Malik Balka Khalji (মালিক বলকা খলজি, ), was the governor of Bengal during 1230-1231 under Delhi Sultan Shamsuddin Iltutmish.

==Reign ==
Balka was the son of Ali Sher Khalji. After the death of Alauddin Daulat Shah Khalji, and after the death of Nasiruddin Mahmud who was the governor of Bengal and the eldest son of Iltutmish, Balka captured the throne of Bengal. Malik Balka styled himself as the independent ruler of Bengal. Angered by this, Sultan Shamsuddin Iltutmish once again invaded Bengal in 1231 and marched against Balka and his army. Balka was later defeated, captured and killed. Thus the rule of Khalji dynasty of Bengal came to an end.

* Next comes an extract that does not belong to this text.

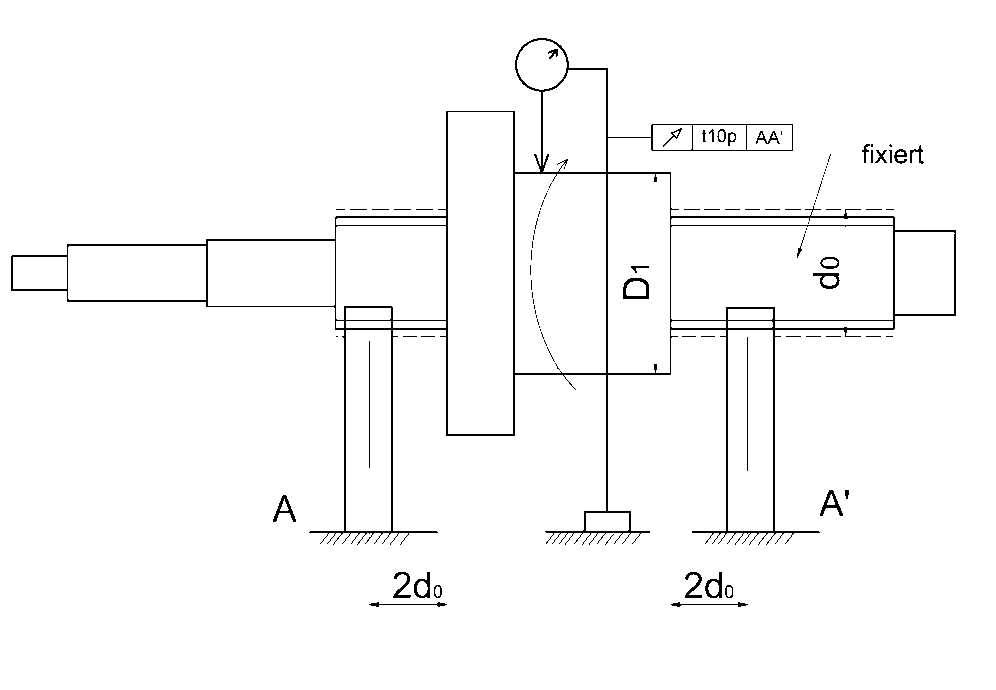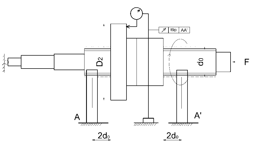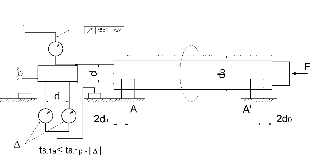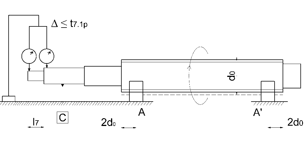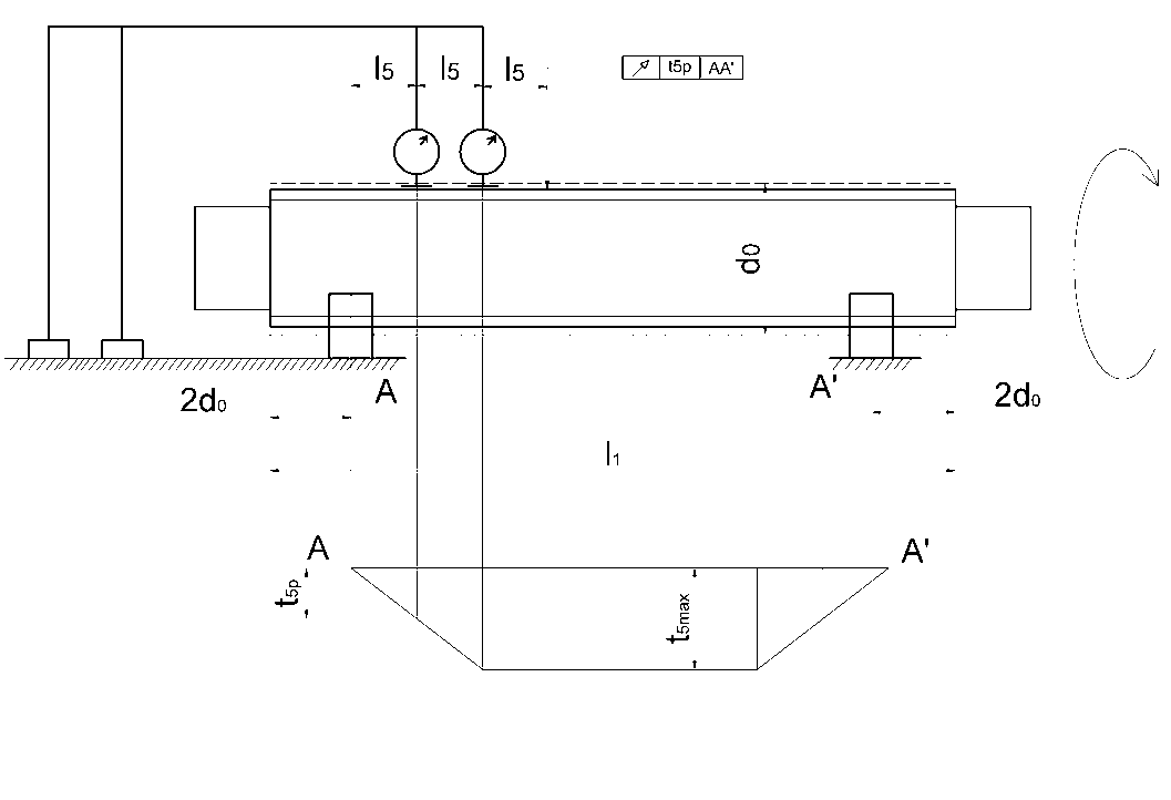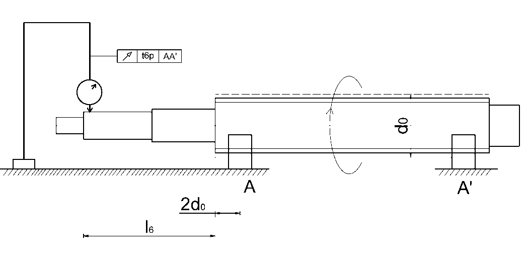 Измерение радиального биения t5 наружного диаметра вала на отрезке l5 для определения прямолинейности по отношению к АА’

=== Construction of Mosque ===
Balka Khalji constructed a mosque/madrasa in Naohata in Rajshahi district. A Madrasa-Mosque inscription in Rajshahi was attributed to Balka Khalji:

Hail, emperor of the believers! I sing the praise of Khan Balkā Khan, the one who erected this edifice with blessed sincerity,

Being a man of benevolence and kindness. A place where scholarly problems and minute questions find answers in a natural way.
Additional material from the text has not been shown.